* **PROBLEM TO WORK ON**
Among the entries below, one line contains "Alhamdulillah, pada hari" and another contains "Project 10073 Record". Transcribe those two lines and every line between them, exactly.

* **MATERIALS PROVIDED**
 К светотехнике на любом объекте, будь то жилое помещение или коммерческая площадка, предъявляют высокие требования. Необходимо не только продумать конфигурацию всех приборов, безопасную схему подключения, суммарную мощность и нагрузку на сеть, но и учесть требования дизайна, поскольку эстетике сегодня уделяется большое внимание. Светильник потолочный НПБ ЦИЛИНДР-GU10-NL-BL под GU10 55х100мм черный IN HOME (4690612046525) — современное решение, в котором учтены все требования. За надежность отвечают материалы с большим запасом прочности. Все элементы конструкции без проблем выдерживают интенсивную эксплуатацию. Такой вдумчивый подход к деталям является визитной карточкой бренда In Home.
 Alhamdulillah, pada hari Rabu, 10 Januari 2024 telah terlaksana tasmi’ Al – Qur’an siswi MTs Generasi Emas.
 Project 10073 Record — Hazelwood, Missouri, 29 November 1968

...

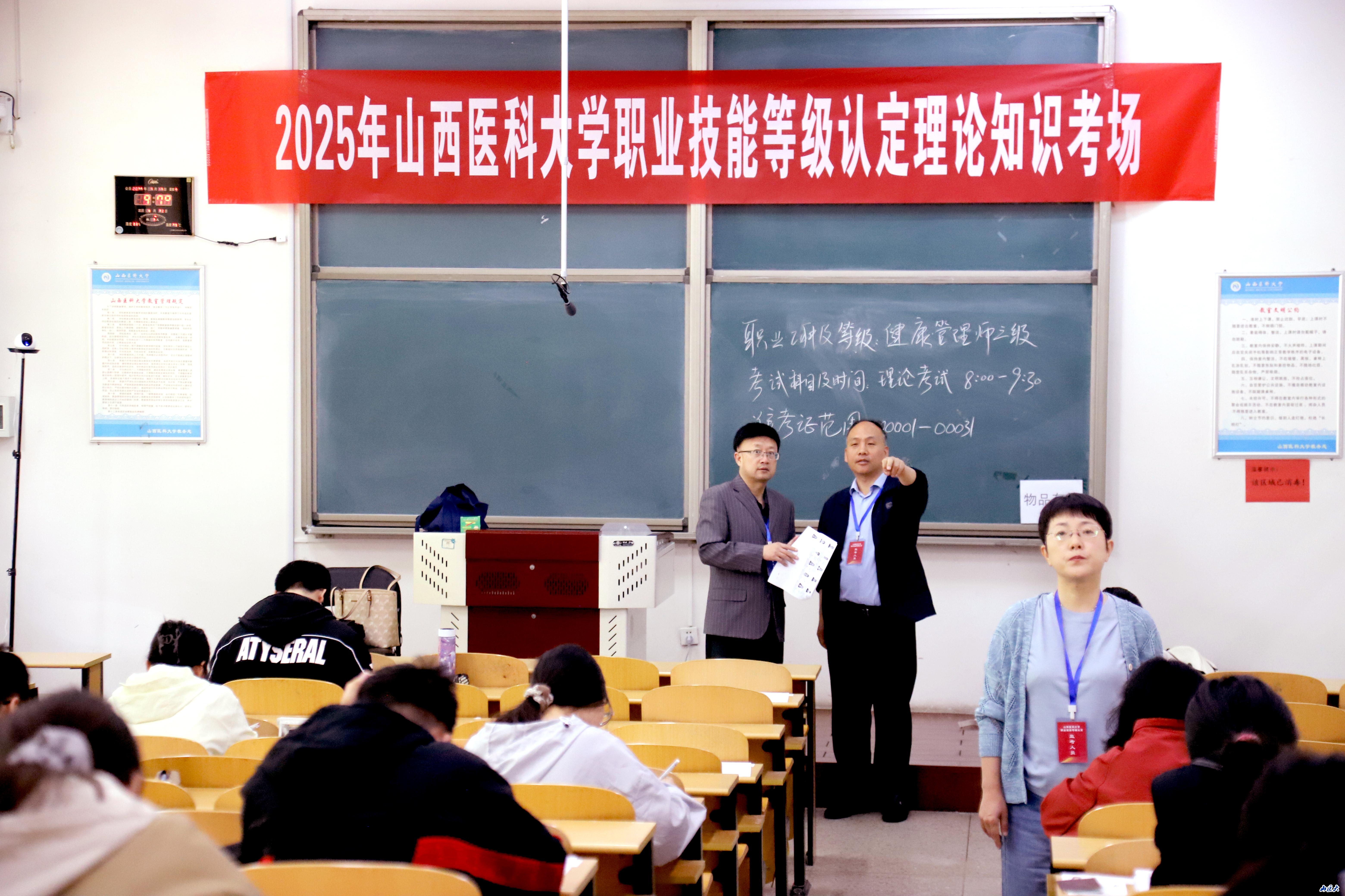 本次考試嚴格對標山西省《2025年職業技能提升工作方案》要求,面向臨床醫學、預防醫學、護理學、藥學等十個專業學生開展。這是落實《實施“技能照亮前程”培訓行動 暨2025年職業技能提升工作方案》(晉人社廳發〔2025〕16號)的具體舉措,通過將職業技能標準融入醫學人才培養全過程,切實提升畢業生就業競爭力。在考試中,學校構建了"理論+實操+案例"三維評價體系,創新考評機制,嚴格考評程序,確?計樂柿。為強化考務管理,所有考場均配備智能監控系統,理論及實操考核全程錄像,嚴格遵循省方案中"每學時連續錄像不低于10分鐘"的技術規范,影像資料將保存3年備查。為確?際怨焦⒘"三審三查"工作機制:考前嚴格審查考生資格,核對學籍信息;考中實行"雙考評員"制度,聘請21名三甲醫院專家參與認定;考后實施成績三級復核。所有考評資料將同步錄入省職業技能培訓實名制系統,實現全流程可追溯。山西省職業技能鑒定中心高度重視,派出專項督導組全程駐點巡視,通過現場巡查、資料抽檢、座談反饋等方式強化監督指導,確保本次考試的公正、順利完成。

* **RESPONSE TO THE EXERCISE**
 Alhamdulillah, pada hari Rabu, 10 Januari 2024 telah terlaksana tasmi’ Al – Qur’an siswi MTs Generasi Emas.
 Project 10073 Record — Hazelwood, Missouri, 29 November 1968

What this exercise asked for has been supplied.